Comonadic approach to pretorsion theories

TL;DR

This paper introduces a comonadic framework for pretorsion theories in semiexact categories, revealing a 2-dimensional comonadic structure and extending to a generalized notion of pretorsion theories.

Contribution

It establishes a comonadic approach to pretorsion theories, showing bihereditary theories are comonadic and extending the framework to pseudo-coalgebras for a broader concept.

Findings

Bihereditary pretorsion theories are comonadic in a 2-dimensional sense.

The pseudo-comonad extension ensures all pretorsion theories are pseudo-coalgebras.

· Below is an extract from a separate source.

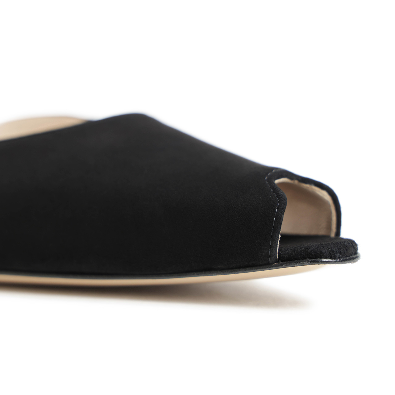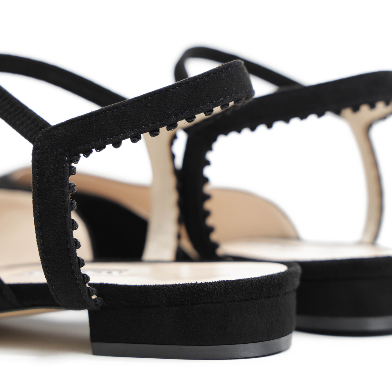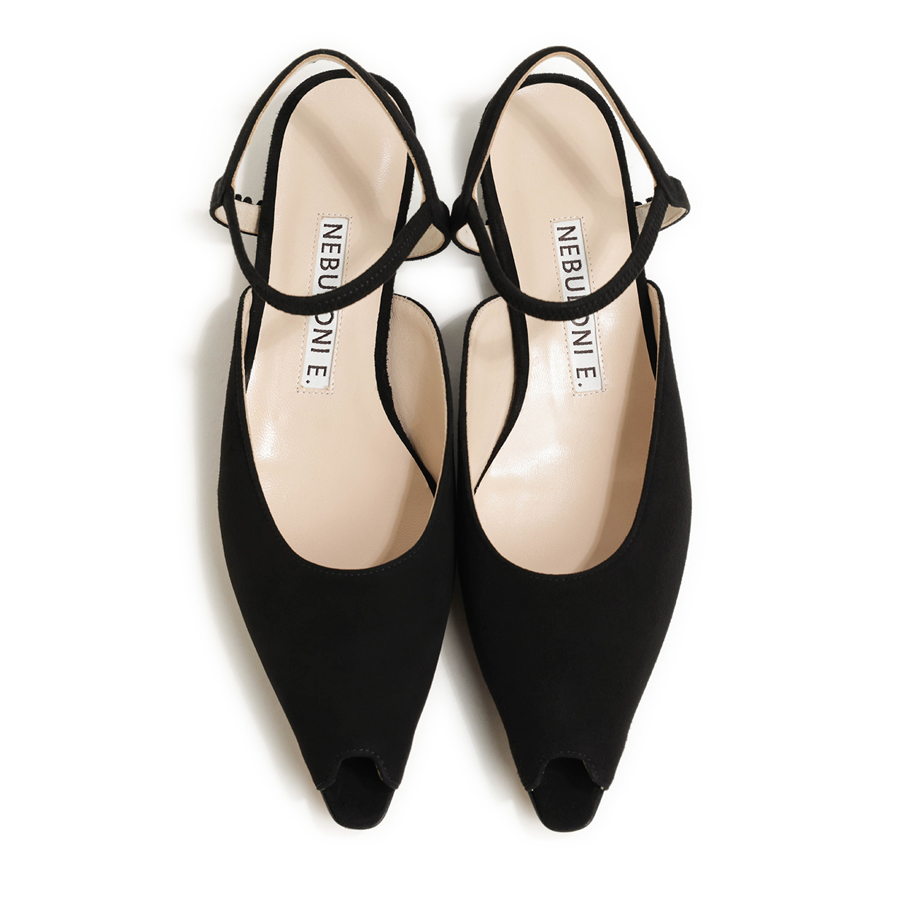カバーの多いフロント部分のストラップと、華奢なアンクルストラップのバランスが絶妙なデザイン。トゥの部分はカットワークデザインを施し、軽やかで抜け感のある表情に。

Pseudo-coalgebras form a generalized notion of pretorsion theories.

Abstract

We present a comonadic approach to pretorsion theories on semiexact categories, i.e. categories equipped with a closed ideal of null morphisms that admits all kernels and all cokernels. We first prove that bihereditary pretorsion theories are comonadic in a 2-dimensional sense over the 2-category of semiexact categories with naturally chosen 1-cells. We then extend the built pseudo-comonad to guarantee that all pretorsion theories are pseudo-coalgebras. But interestingly, not all pseudo-coalgebras are pretorsion theories. Rather, pseudo-coalgebras give a generalized notion of pretorsion theory.